Security Review: Husky Union Building

By esoteric at 3:36 pm on March 18, 2008 | 7 Comments

The Husky Union Building is the center of life on campus. It is home to the Associated Students of the University of Washington, hundreds of student clubs and organizations, the university bookstore, food vendors, university employee payroll and accounting, information services, games area, campus-wide lost & found, US Bank, bike shop, hair salon, newsstand, event services, and many more departments.

Needless to say, there are many assets to protect in such a large, public space. Some of the more notable ones include the fully operational branch of US Bank, which resides on the ground floor. Clearly there is a lot of money as well as private records stored in the bank that must be protected. In addition, there is an accounting office on the third floor of the building that maintains records containing personal information about university employees and their jobs. These records must be protected in order to prevent crimes such as identity theft or tampering with payroll documents.
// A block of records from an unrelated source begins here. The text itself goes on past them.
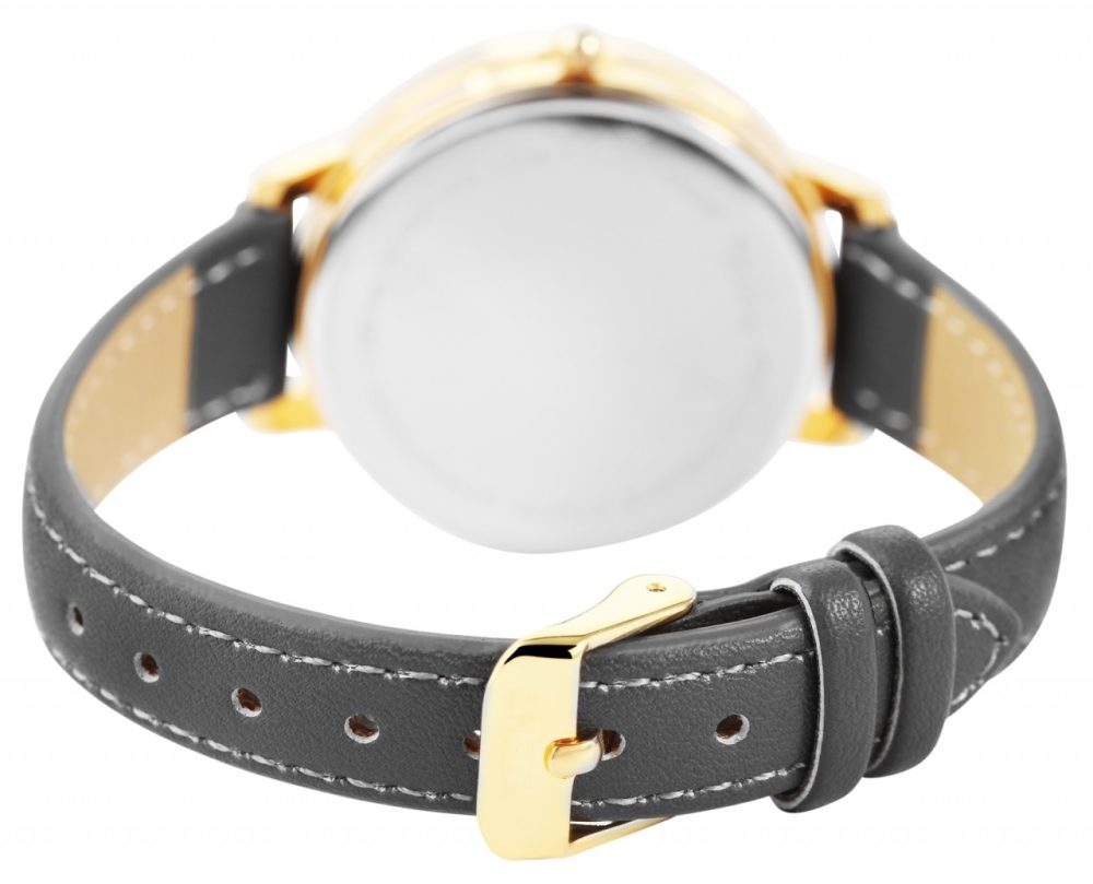 O relógio de pulso analógico feminino de 3 ponteiros da marca Akzent Exclusive possui um movimento de quartzo de alta qualidade. A pulseira em pele sintética tem 14 mm de largura na alça e pode ser aberta e fechada com uma fivela. O comprimento total do relógio é de 23,5 cm. A caixa de metal com vidro mineral tem um diâmetro de 36 mm e uma altura de 9 mm. O fundo da caixa é feito de aço inoxidável e o relógio tem resistência à água de 3 ATM. Um destaque visual é o mostrador, que é decorado com diversas flores, cada uma delas composta por seis pérolas brancas. O interior da flor consiste em uma pequena pedra simili. Existem também doze símiles adicionais no mostrador que servem como índices de pontos. Os ponteiros são feitos na cor da caixa e combinam bem com a aparência geral do relógio.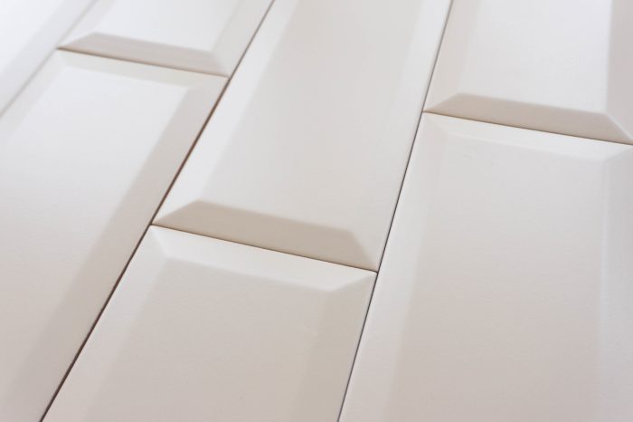 Die Metrofliese in der Farbe beige ist pflegeleicht und verfügt über Presskanten. Presskanten sind leicht abgewinkelte Kanten, die die Fliesen durch das Pressen in die Form erhalten.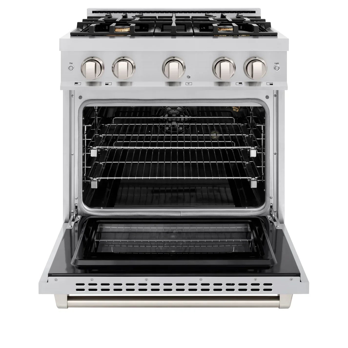 The ZLINE 30" 4.2 cu. ft. Select Gas Range with Convection Gas Oven in Stainless Steel with 4 Brass Burners (HGR-BR-30) combines the elegance of a hand-finished porcelain gas cooktop with 4 Italian-made brass auto-reignition burners, a gas convection oven with an energy-efficient cooling fan to ensure quiet operation, and a Horizon oven door window design allowing you to master every meal. With a modern, timeless style and refined functionality, ZLINE Select Gas Ranges are masterfully crafted to deliver an elevated culinary experience.
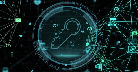 Image of cyber security and key in circle over network of connections on black background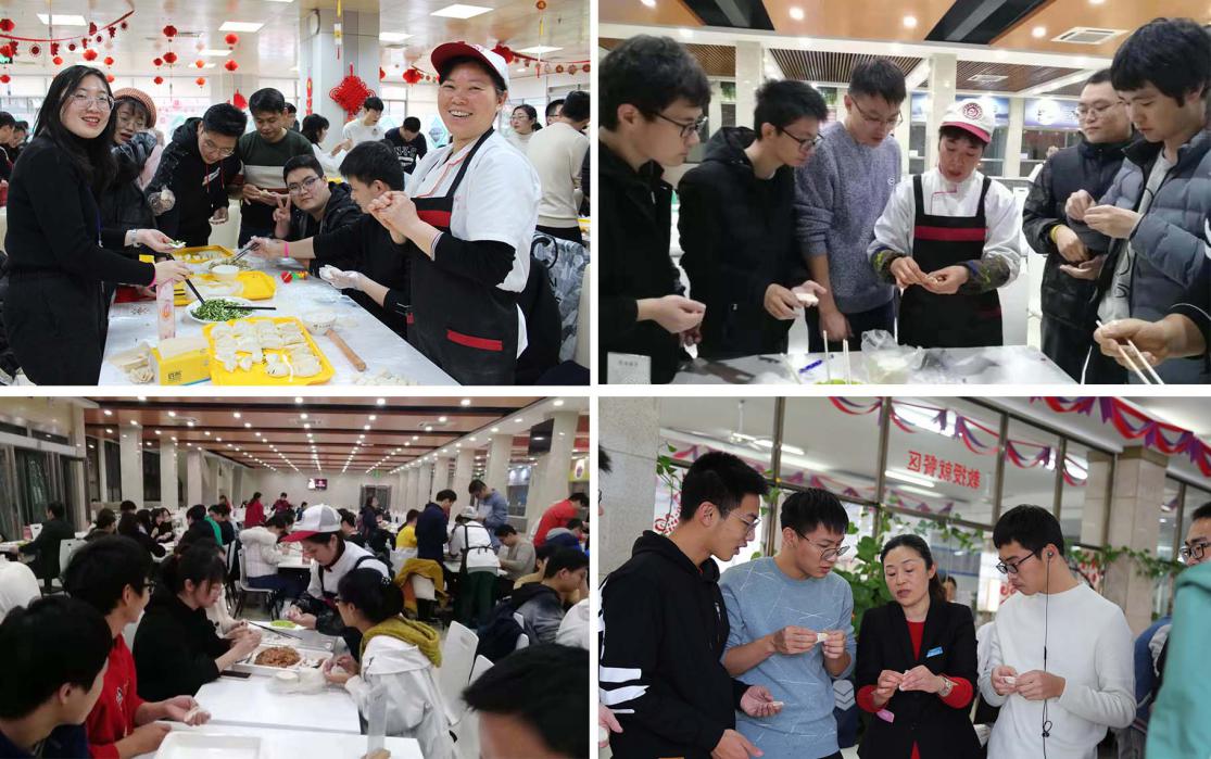 活动开展期间,各区食堂在做好日常餐饮保障之后,工作人员利用中午和晚上休息时间为参与活动的师生提供服务。活动现场,食堂员工加入学生队伍,协助学生擀饺皮,示范教学包饺子,同学们个个干劲十足,包出了形态各异的特色饺子,欢声笑语充满了食堂大厅,场面热闹而温馨。

There are many adversaries who might want to break into the HUB. These include bank robbers looking to steal cash from the bank branch or from the multitude of ATMs in the building, identity thieves looking to steal private employee information, malicious employees looking to alter work records for profit, homeless people seeking a warm place to sleep, people attempting to steal items from the lost & found, vandals, etc.

The Husky Union Building has many weaknesses. First, it has many entrances and exits that must be monitored. There are countless doors that must be manually locked and unlocked at the proper times, and if just one of them is overlooked, an adversary can gain access to most of the building. This is analogous to having a lot of unfiltered ports open on a computer; the more potential entry points there are, the greater the risk. In addition, there are many windows on the ground floor that are accessible from the outside. This can be especially problematic during the summer, when people open their windows and sometimes forget to lock them when they leave. Another weakness the building has is that it is a very public place where lots of people work, so it can be hard to identify someone who shouldn’t be there, even after hours. The HUB doesn’t have a building-wide security system, and many staffmembers have keys to the building, so it’s not uncommon to see someone walking around inside, even late at night.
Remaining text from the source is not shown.